TASK TO CARRY OUT: Look through the data below for the line with "İranın Sənəndənc şəhərində" and the line with "anzeigen | |", then output those two and all lines in between, exactly as written.

[Opening DATA section]

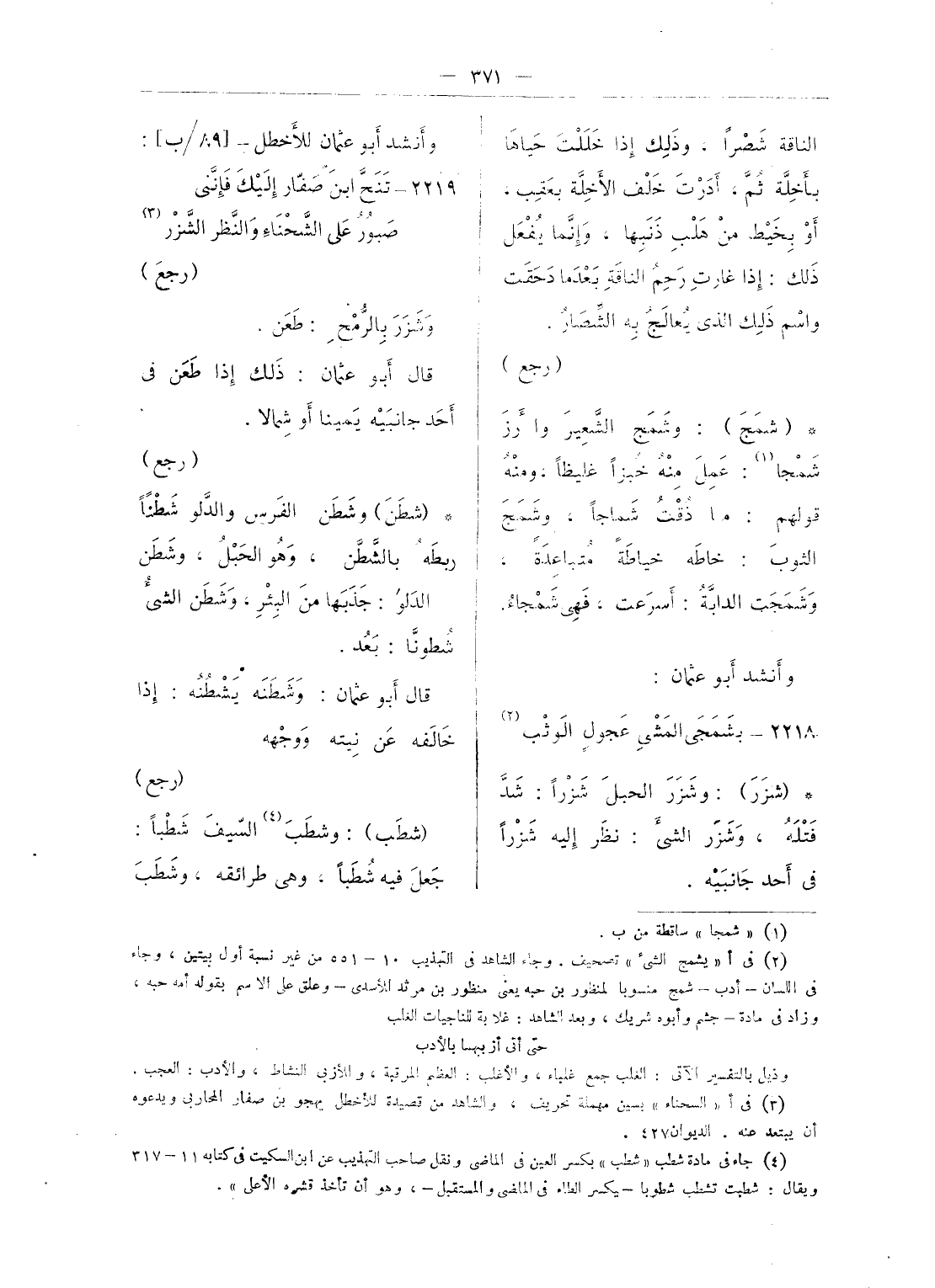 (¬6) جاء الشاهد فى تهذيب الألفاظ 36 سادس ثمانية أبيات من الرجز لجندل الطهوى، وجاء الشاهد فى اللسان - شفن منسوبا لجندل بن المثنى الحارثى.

[Closing DATA section]
[Opening DATA section]

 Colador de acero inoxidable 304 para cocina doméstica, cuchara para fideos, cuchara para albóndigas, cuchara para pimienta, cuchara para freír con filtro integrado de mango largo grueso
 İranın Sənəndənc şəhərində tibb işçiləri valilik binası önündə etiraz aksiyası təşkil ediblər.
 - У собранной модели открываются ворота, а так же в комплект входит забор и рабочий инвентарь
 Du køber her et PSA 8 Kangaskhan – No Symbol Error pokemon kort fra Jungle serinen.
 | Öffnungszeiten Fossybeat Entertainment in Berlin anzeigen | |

[Closing DATA section]
[Opening DATA section]

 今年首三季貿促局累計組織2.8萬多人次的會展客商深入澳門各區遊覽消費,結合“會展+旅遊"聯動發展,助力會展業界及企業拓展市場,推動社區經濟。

[Closing DATA section]

EXPECTED ANSWER:
 İranın Sənəndənc şəhərində tibb işçiləri valilik binası önündə etiraz aksiyası təşkil ediblər.
 - У собранной модели открываются ворота, а так же в комплект входит забор и рабочий инвентарь
 Du køber her et PSA 8 Kangaskhan – No Symbol Error pokemon kort fra Jungle serinen.
 | Öffnungszeiten Fossybeat Entertainment in Berlin anzeigen | |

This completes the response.